Roger D. Kornberg, a structural biologist at Stanford University, has been awarded the 2006 Nobel Prize in Chemistry for his studies on the molecular basis of eukaryotic transcription, the process by which the genetic code of DNA is converted into messenger RNA for later translation into proteins.

Kornberg is following in his father's footsteps. Arthur Kornberg, a biochemist at Stanford, received the Nobel Prize in Physiology or Medicine in 1959 for his work on DNA replication. The younger Kornberg will receive his Nobel Prize, worth more than $1.3 million, at a ceremony in Stockholm in December.

"Roger Kornberg has made fundamental contributions to the biochemistry and structural biology of eukaryotic transcription," says Seth A. Darst, a structural biologist at Rockefeller University. "His work, ranging from chromatin structure and its effects on transcription regulation, to the complicated machinery eukaryotic cells use to regulate transcription activation, to the detailed chemistry and structural biology of the transcriptional enzyme itself, is characterized simultaneously by its breadth as well as its depth."

Kornberg has used the yeast Saccharomyces cerevisiae as a model eukaryotic organism. He developed an in vitro yeast transcription system that contained highly purified RNA polymerase II and five helper proteins known as general transcription factors. However, the system did not respond to the addition of other transcription factors known to activate specific genes in cells. This observation led Kornberg to discover a protein complex known as Mediator, which serves to transfer signals from gene-specific transcription factors to RNA polymerase II and the general transcription factors.

In 2001, Kornberg and his colleagues published high-resolution X-ray crystal structures of a 10-subunit yeast RNA polymerase and of a complex consisting of RNA polymerase, template DNA, and product RNA (Science 2001, 292, 1863 and 1876). These structures showed that the two largest subunits of RNA polymerase lie in the center on either side of a nucleic acid-binding cleft, with the smaller subunits on the outside. The cleft is bridged by an ??-helix that acts like a ratchet to move the growing RNA transcript out of the active site during RNA synthesis.

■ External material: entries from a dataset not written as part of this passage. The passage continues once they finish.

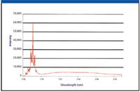 Integration time for the measurement was 50 ms. The resultant emission spectrum shows sharply defined spectral peaks at wavelengths as low as 153 nm, with a strong central peak around 161 nm (Figure 1). The system operated with a spectral resolution of 0.1 nm and a signal-to-noise ratio of 450:1.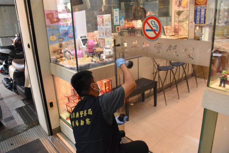 竹南發生銀樓搶案,員警前往鑑識。翻攝畫…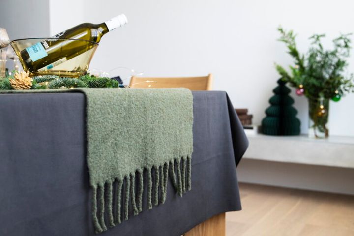 テーブルの中央に敷くテーブルランナーも、テーブルを華やかに演出する名脇役。とはいえ、ふだん使わないものをわざわざ買うのももったいない……。そこで、テーブルランナー代わりにマフラーを使いました。アイロンをかけたマフラーやストールをテーブルの中央に敷くだけでOK。シフォンの生地やストールをフワッと敷くのも素敵です。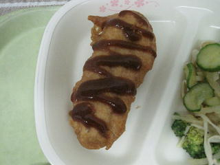 ウィンナーにホットケーキミックスの衣をつけ、形が崩れないように、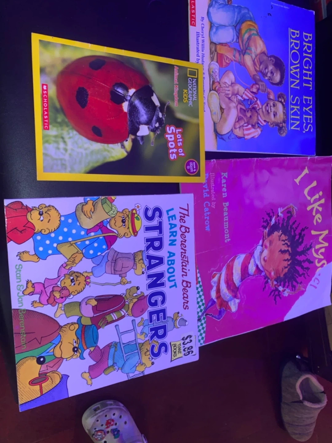 Selling a bundle of children's books! Includes: - The Berenstain Bears Learn About Strangers by Stan & Jan Berenstain - Bright Eyes, Brown Skin by Cheryl Willis Hudson - National Geographic Kids: Lots of Spots - I Like Myself by Karen Beaumont All the books come together for one price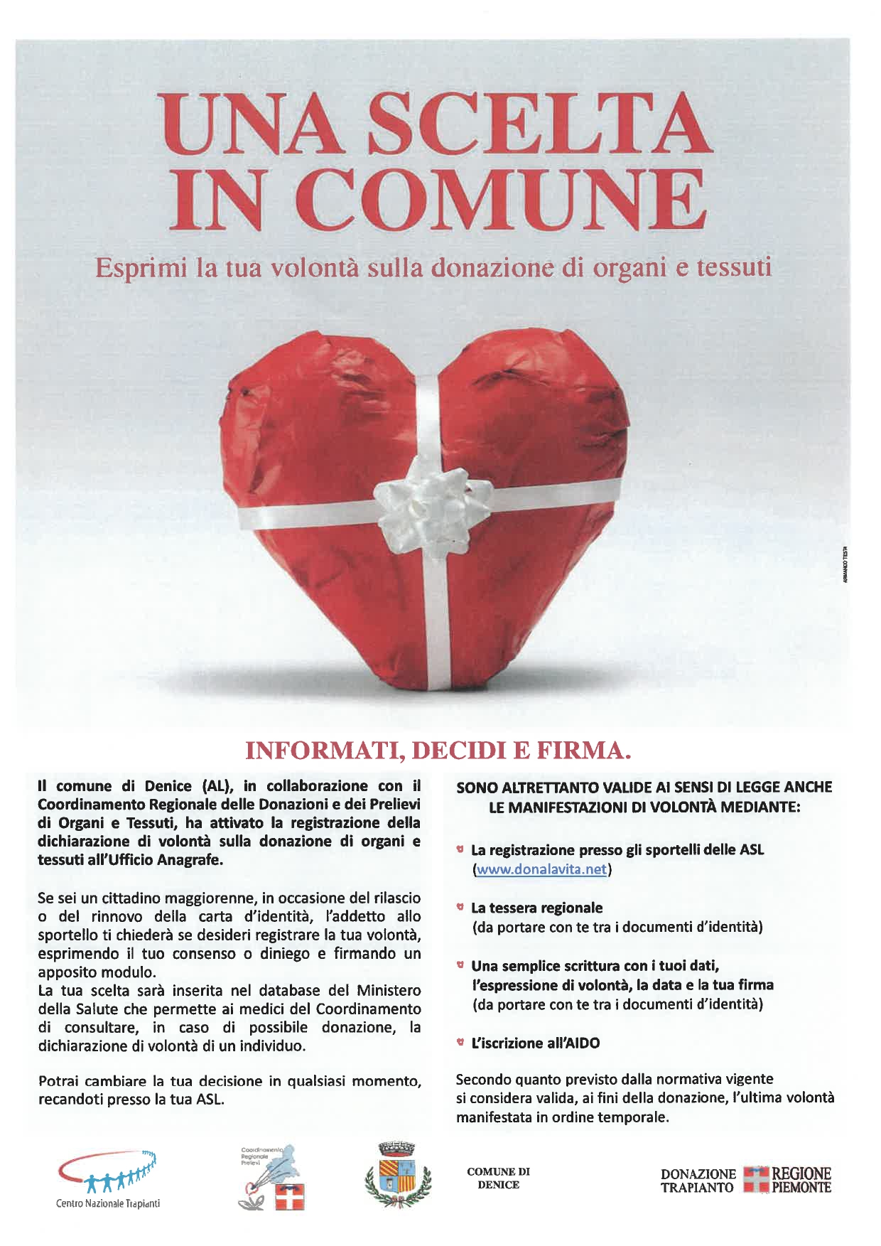ESPRIMI LA TUA VOLONTA' SULLA DONAZIONE DI ORGANI E TESSUTI INFORMATI, DECIDI, FIRMA

The RNA polymerase machinery "is the largest and most complex nonrepetitive protein structure reported to date," says Phillip A. Sharp, professor of biology at Massachusetts Institute of Technology and 1993 Nobel Laureate in Physiology or Medicine. "This work sets a standard for future studies of large protein complexes, which we now realize are critical in gene regulation."

Since 2001, Kornberg's lab has solved crystal structures of RNA polymerase in different functional complexes with DNA, RNA, nucleotides, or other proteins. These structures combine to give a more detailed picture of the molecular processes underlying transcription.

His team continues to work on two "grand challenges," Kornberg said in a telephone press conference. The first is a structure of RNA polymerase with the five general transcription factors, and the second is the structure of Mediator. "Work is progressing, but we still have a ways to go," he said.